Before the debt ceiling debate gets stale, I wanted to clarify one last thought on the subject. I have already begun to spell out what I call a liquidity view of the debt ceiling. Here I begin to put that view into conversation with other perspectives.
Debt ceiling in terms of stock variables
A question that comes up when trying to think about government debt is what exactly to write on the balance sheet. At first it seems like a small question about how to record the transaction, but I think it turns out to be a big question. Outstanding government debt is surely a liability to the government. But the balance sheet should balance, so what corresponds to it on the asset side?
One possibility is to write nothing on the asset side, and instead to allow government debt to be a one-sided transaction. The government borrows, and in this view its promise to repay is credible based on its say-so or fiat, without making reference to any asset position. In this sense the government's counterparty, owners of government debt, are holding something like gold, which also appears to have a one-sided character to it, as it is an asset that is not anyone's liability.
But this is not entirely satisfying: in fact the US Treasury does pay its debts when due. Governments raise money differently than do businesses, but are they really more like gold? One answer is to put some kind of reasonable placeholder on the asset side. I have sometimes chosen to think of this as something like a residual or equity claim on the US public. This reflects two important facts: first, that the Treasury's ability to repay does in the end derive from US incomes; and second, that the government has the power to tax those incomes, but that power is not unlimited, so it is a equity claim.
Viewed in this way, the debt ceiling (if we choose to take it seriously rather than purely as political theater) codifies a concern about the amount of outstanding debt relative to the value of the Treasury's equity claim on the US public. More generally, such concerns are framed around stock concepts: variables with an instantaneous value, like the Treasury's debt outstanding relative to the ceiling, or like a contingent equity claim. The balance sheet, at a particular moment in time, is the place for such variables.
Debt ceiling in terms of flow variables
The liquidity view, by contrast, is framed around flow concepts: variables whose value is measured over an interval, like the Treasury's payment commitments over the next six weeks, or the flow of tax receipts over the course of a year. Expressed in flows rather than stocks, the debt ceiling is a more precise problem: to keep its cash commitments, the Treasury needs to raise funds. Having exhausted all other sources, it needs to borrow. If it cannot borrow, the Treasury cannot keep its cash commitments and so some people will not get paid.

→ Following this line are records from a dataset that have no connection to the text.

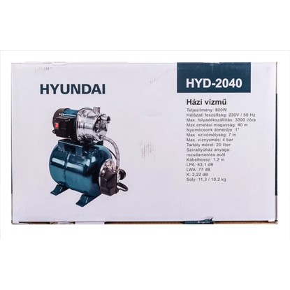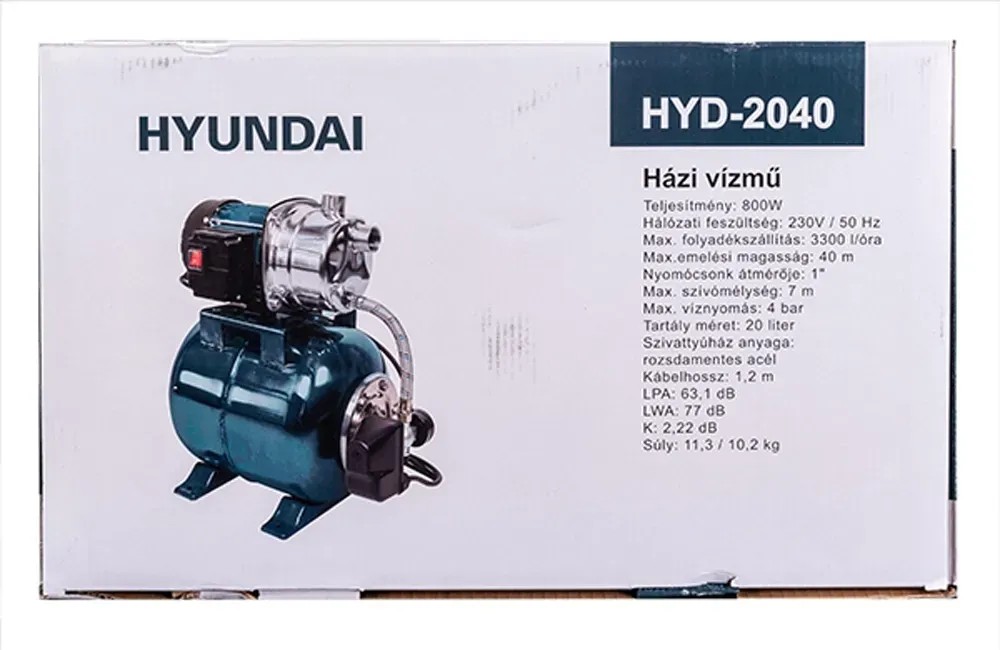 A Hyundai HYD-2040 szivattyúból, nyomáskapcsolóból, nyomásmérő órából és egy 20 literes fekvő tartályból áll.Dupla kifolyócsonkkal a könnyű telepítés érdekében, és egy nyomástartállyal, hogy csökkentse a vízkalapácsot a csőrendszerben.A házi vízmű állandó nyomást és automatikus indítást és leállítást biztosít, melyről a nyomáskapcsoló gondoskodik.A nyomástartály minimalizálja a ki és bekapcsolások számát, mivel a tartályban lévő vizet a szivattyú képes kiszivattyúzni, a motor beindítása nélkül, alacsony vízfogyasztáskor, vagy abban az esetben, ha valahol szivárgás van. A robosztus felépítésnek és korrózió mentes anyagoknak köszönhetően időtálló. Az önfeltöltő szivattyú biztosítja a stabil működést, mivel képes a levegő és víz keverékét is felszívni, míg a pumpa az optimális folyadék kondíciókat el nem éri.A szivattyúba beépített hőfokkapcsoló gondoskodik a túlmelegedés elleni védelemről, mely magas működési hőmérséklet esetén azonnal lekapcsolja a szivattyút. A motor levegőhűtéses, mely zárt, magas élettartamú csapágyakkal van felszerelve.
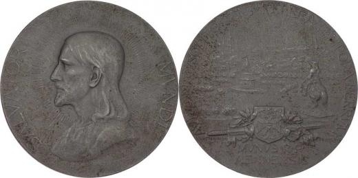 Vídeňská salvatorská medaile 1917 - Kristus Spasitel zleva, opis / pohled na město, znak s mečem, opis a nápis, Sign.JT, železo 45mm, krásná patina R!
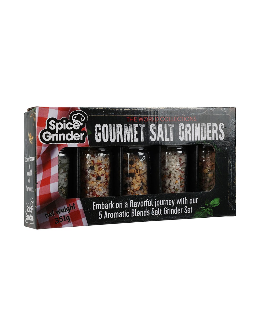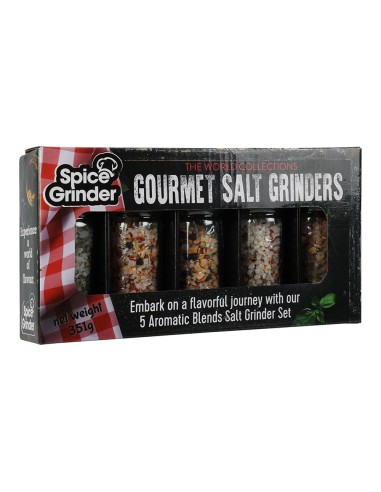 Molinillos de sal con 5 mezclas aromáticas. contiene: molinillo de sal para barabacoa 65 g, molinillo de sal mediterráneo 68 g, molinillo de sal peri perl 70 g, molinillo de sal de mezcla italiana 78 g y molinillo de sal y chile 70 g
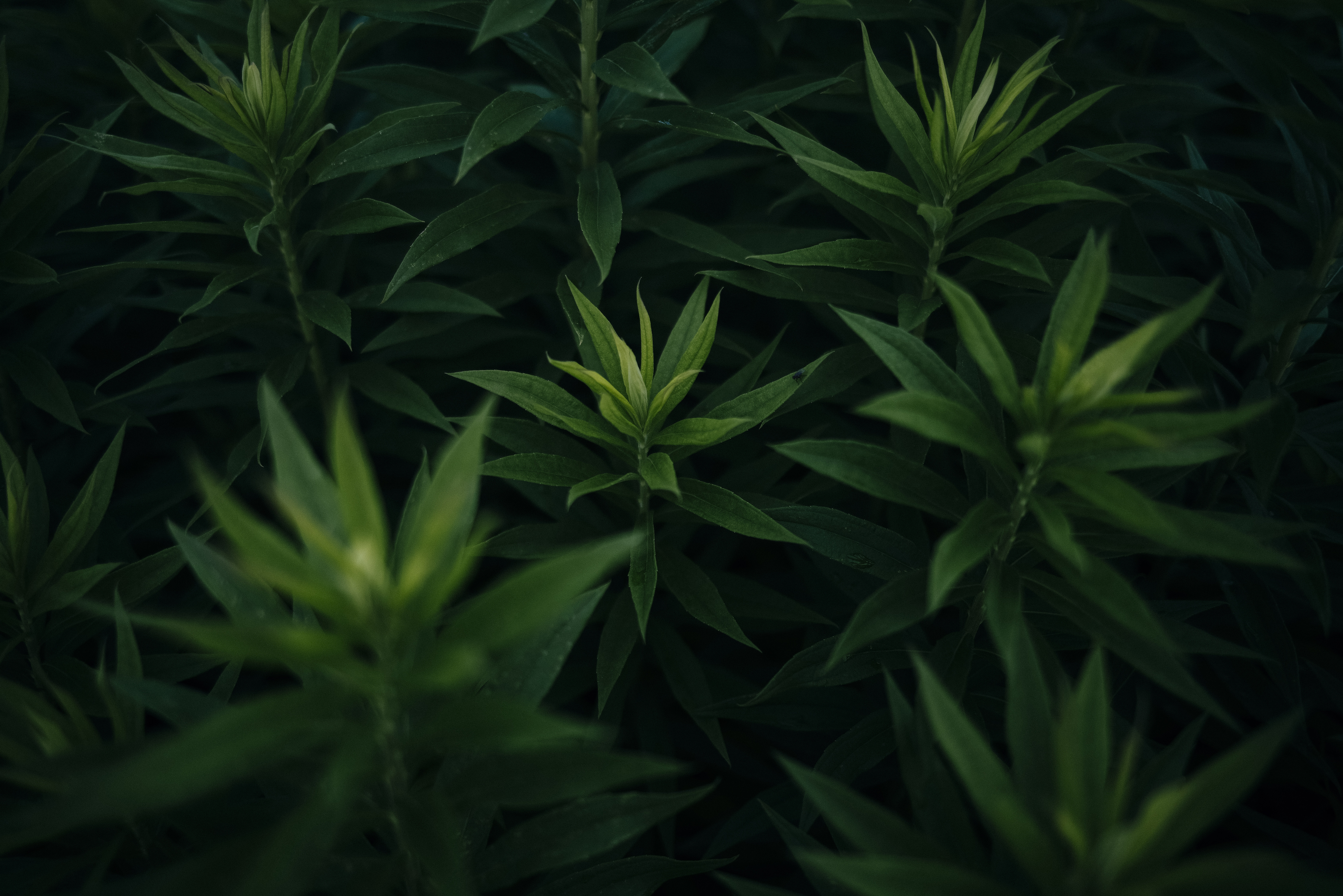 Young shoots of tall fleabane emerging in the darkness

In the stocks view, there is a question about what balances the issuance of new Treasury debt: maybe an abstract equity claim, collectible through taxation, maybe taxing authority itself, maybe nothing at all. In the flows view, there is no such ambiguity. Issuing debt is a source of funds, and the Treasury's cash payments (transfer payments, salaries of government employees, debt service) are the use of funds.
As this cash-flow statement shows, stocks and flows are related to one another. Here, an increase in liabilities is the source of funds for the Treasury's normal payment obligations. This issue of stock–flow consistency is frequently raised as an argument against the debt ceiling. Plans for the flow of spending and for the flow of taxation have already been made, the argument goes, and the difference between them, the budget deficit, will therefore have to be financed. If Congress approves the spending but not the borrowing, then Congress is being logically inconsistent.
I cannot really disagree. But the fact remains that the debt ceiling is a law that appears to bind the Treasury Secretary. Congress is required first to choose the flows, then to approve the stocks. Yes, the changes in stocks are a mechanical consequence of the flows. But the approval must be given separately, and is not guaranteed. Maybe in December it will not be forthcoming.
Why the flow view is more helpful
We might summarize the two views like this:
Debates about the debt ceiling can be understood as a contest between the solvency and liquidity views. But why should we prefer the liquidity view to the solvency view? Thinking about stock variables here leads, I think, to bottomless questions about inside money and outside money, about how the debt ceiling is nonsensical, about procedural gimmicks to circumvent the limit.
It is only the liquidity view that has any purchase on the unfolding of events. Yellen's plea to Congress, for example, is based on flow concerns. With a binding debt ceiling, the Treasury Secretary argued, the US government would reach a point where it was unable to pay its obligations. Those were the considerations that created the October 18 deadline and which prompted the actions that led to the current reprieve.
In the end, perhaps the question has been given the wrong name. It is not really about how much borrowing is too much, but rather about whether payments will be made as promised. It's not a ceiling that contains a rise, but a faucet that regulates a flow.